Repeat the stretch of entries below from the line with "Die Feuerwehr Mörfelden" through the line with "絮語精品男裝 上衣 POLO衫". Include both ends and add nothing.

BEGIN Provided material

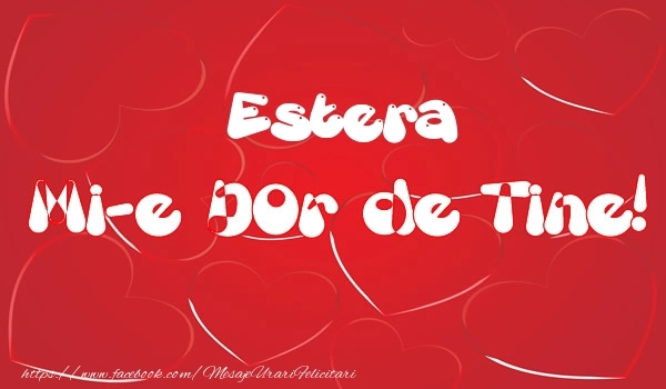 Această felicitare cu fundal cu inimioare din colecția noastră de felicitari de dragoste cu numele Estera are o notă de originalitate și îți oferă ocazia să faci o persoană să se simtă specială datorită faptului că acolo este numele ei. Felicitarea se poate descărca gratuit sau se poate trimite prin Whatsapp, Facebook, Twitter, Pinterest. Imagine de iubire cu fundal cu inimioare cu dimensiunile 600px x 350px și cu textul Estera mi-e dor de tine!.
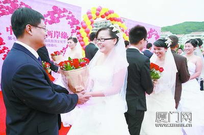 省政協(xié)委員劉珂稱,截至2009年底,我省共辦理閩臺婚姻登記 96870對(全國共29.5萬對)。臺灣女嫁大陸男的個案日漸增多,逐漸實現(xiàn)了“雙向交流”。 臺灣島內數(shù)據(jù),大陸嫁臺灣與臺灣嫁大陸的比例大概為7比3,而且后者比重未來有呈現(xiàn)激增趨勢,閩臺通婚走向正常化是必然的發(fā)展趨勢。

END Provided material
BEGIN Provided material

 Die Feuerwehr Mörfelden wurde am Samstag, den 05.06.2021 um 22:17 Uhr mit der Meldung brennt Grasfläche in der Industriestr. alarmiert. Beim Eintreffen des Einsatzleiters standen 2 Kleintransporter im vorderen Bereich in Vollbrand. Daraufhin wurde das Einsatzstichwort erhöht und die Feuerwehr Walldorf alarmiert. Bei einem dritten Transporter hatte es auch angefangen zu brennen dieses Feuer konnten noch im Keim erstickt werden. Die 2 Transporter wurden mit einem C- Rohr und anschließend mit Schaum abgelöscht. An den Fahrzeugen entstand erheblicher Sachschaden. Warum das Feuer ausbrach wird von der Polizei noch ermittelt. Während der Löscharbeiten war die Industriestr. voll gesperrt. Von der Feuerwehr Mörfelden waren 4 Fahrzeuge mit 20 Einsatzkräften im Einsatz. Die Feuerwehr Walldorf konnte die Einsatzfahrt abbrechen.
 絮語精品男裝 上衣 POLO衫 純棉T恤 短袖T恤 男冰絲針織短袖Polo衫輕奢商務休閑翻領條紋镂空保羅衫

END Provided material

**Solved exercise**
 Die Feuerwehr Mörfelden wurde am Samstag, den 05.06.2021 um 22:17 Uhr mit der Meldung brennt Grasfläche in der Industriestr. alarmiert. Beim Eintreffen des Einsatzleiters standen 2 Kleintransporter im vorderen Bereich in Vollbrand. Daraufhin wurde das Einsatzstichwort erhöht und die Feuerwehr Walldorf alarmiert. Bei einem dritten Transporter hatte es auch angefangen zu brennen dieses Feuer konnten noch im Keim erstickt werden. Die 2 Transporter wurden mit einem C- Rohr und anschließend mit Schaum abgelöscht. An den Fahrzeugen entstand erheblicher Sachschaden. Warum das Feuer ausbrach wird von der Polizei noch ermittelt. Während der Löscharbeiten war die Industriestr. voll gesperrt. Von der Feuerwehr Mörfelden waren 4 Fahrzeuge mit 20 Einsatzkräften im Einsatz. Die Feuerwehr Walldorf konnte die Einsatzfahrt abbrechen.
 絮語精品男裝 上衣 POLO衫 純棉T恤 短袖T恤 男冰絲針織短袖Polo衫輕奢商務休閑翻領條紋镂空保羅衫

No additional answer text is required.